Lou Karras

No. 70
- Position: Defensive tackle

Personal information
- Born: September 19, 1927 Gary, Indiana, U.S.
- Died: September 20, 2018 (aged 91) Coral Springs, Florida, U.S.
- Listed height: 6 ft 4 in (1.93 m)
- Listed weight: 241 lb (109 kg)

Career information
- High school: Emerson (Gary)
- College: Purdue
- NFL draft: 1950: 3rd round, 32nd overall pick

Career history
- Washington Redskins (1950–1952);

Awards and highlights
- Second-team All-Big Nine (1949);

Career NFL statistics
- Fumble recoveries: 2
- Stats at Pro Football Reference

= Lou Karras =

American football player (1927–2018)

Louis George Karras (September 19, 1927 – September 20, 2018) was an American professional football defensive tackle in the National Football League (NFL) for the Washington Redskins, until an eye injury prematurely ended his career.
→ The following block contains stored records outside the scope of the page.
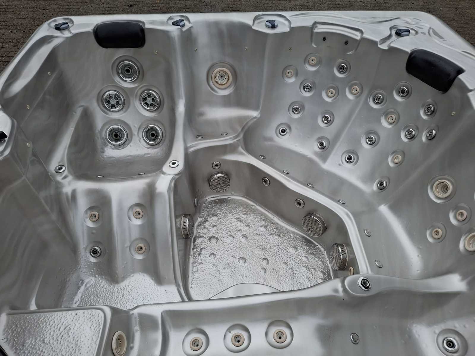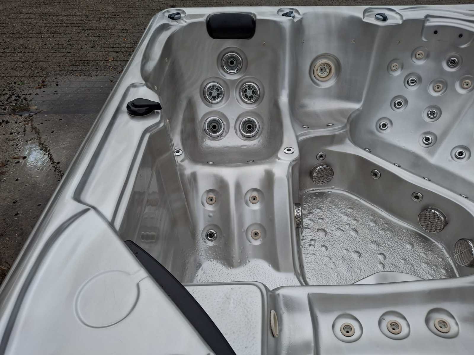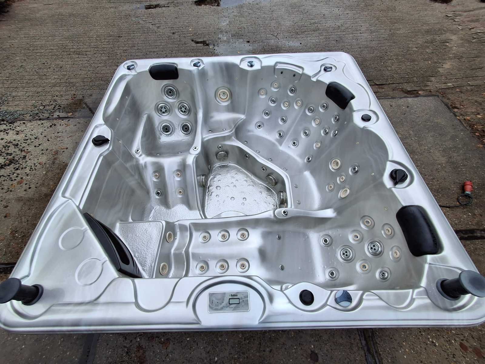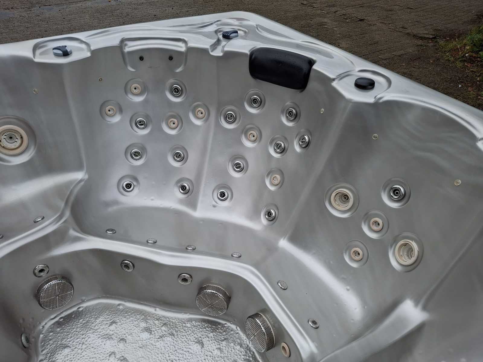 Voorzien van speakers; 4 zitplaatsen en 2 liplastsen; automatisch filtersysteem; kunststof omkasting; waterval; Niet getest op functioneren (Marge, geen BTW) Merk: Balboa Model: 6 persoons Verlichting: Ja Aantal personen: 6 Lengte: 225cm Breedte: 225cm Hoogte: 85cm
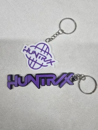 llaveros con el logo de Huntrix. - Llavero con diseño de nube y logo Huntrix en morado y blanco. - Llavero con letras Huntrix en relieve, color morado. Precio de cada llavero 3€ Los dos 5€ Se hacen envíos
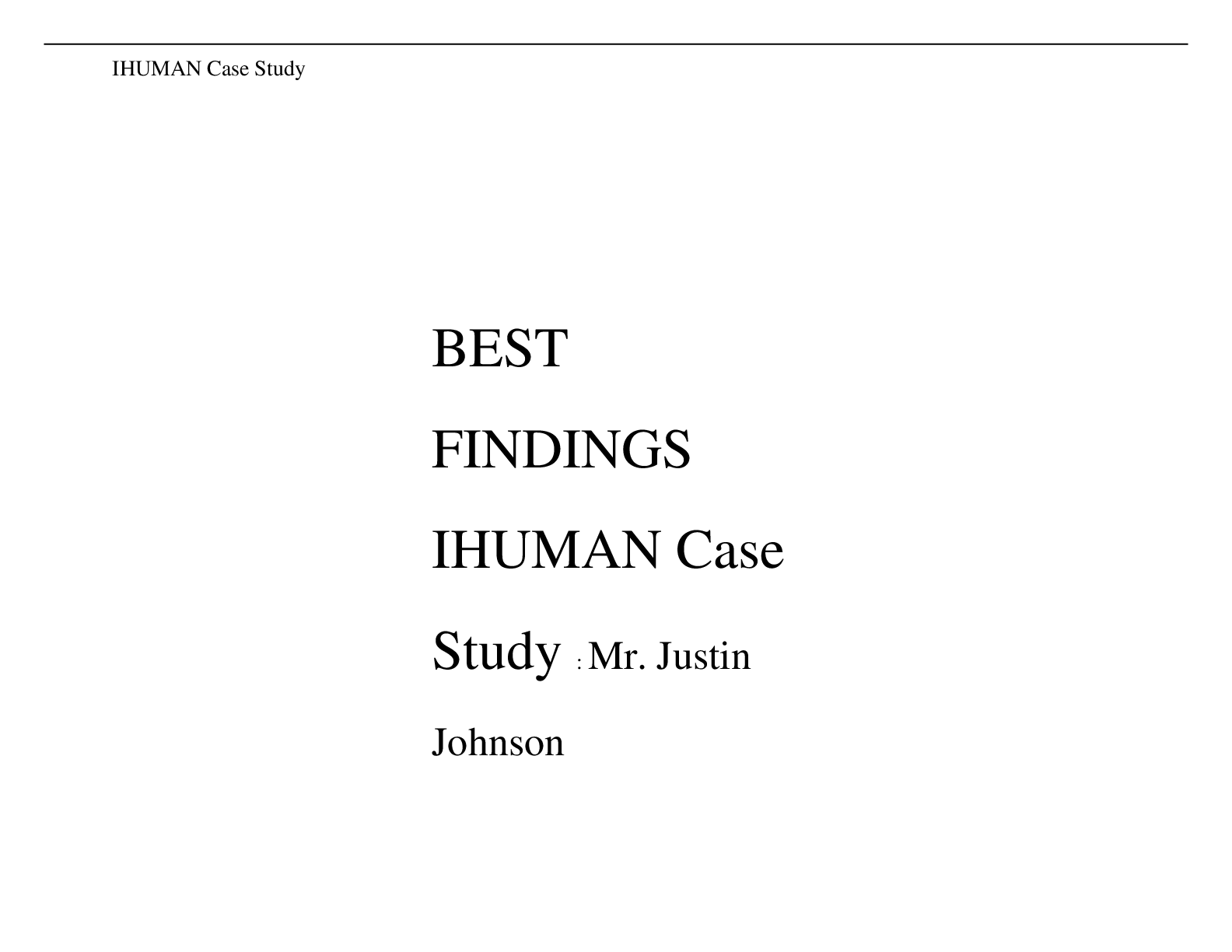 Health Care > ANSWERS AND COMMENTARIES > BEST FINDINGS IHUMAN Case Study : Mr. Justin Johnson

He played college football at Purdue University. Karras was drafted 32nd overall in the third round of the 1950 NFL draft. He had two younger brothers, former pro football player Ted Karras and former pro-football player/actor Alex Karras.

Karras had a college career at Purdue; he was a three-year starter (1946, 1948–49), was selected 2nd Team All-Big Ten in 1949. He was named the MVP for Purdue in 1949. Following his college career, he was selected for the 1949 East-West Shrine Game, the 1950 Chicago-based College All-Star Game and the 1950 Hula Bowl. After his professional football career ended, he founded a successful tire business. He was also on the city council of Gary, Indiana.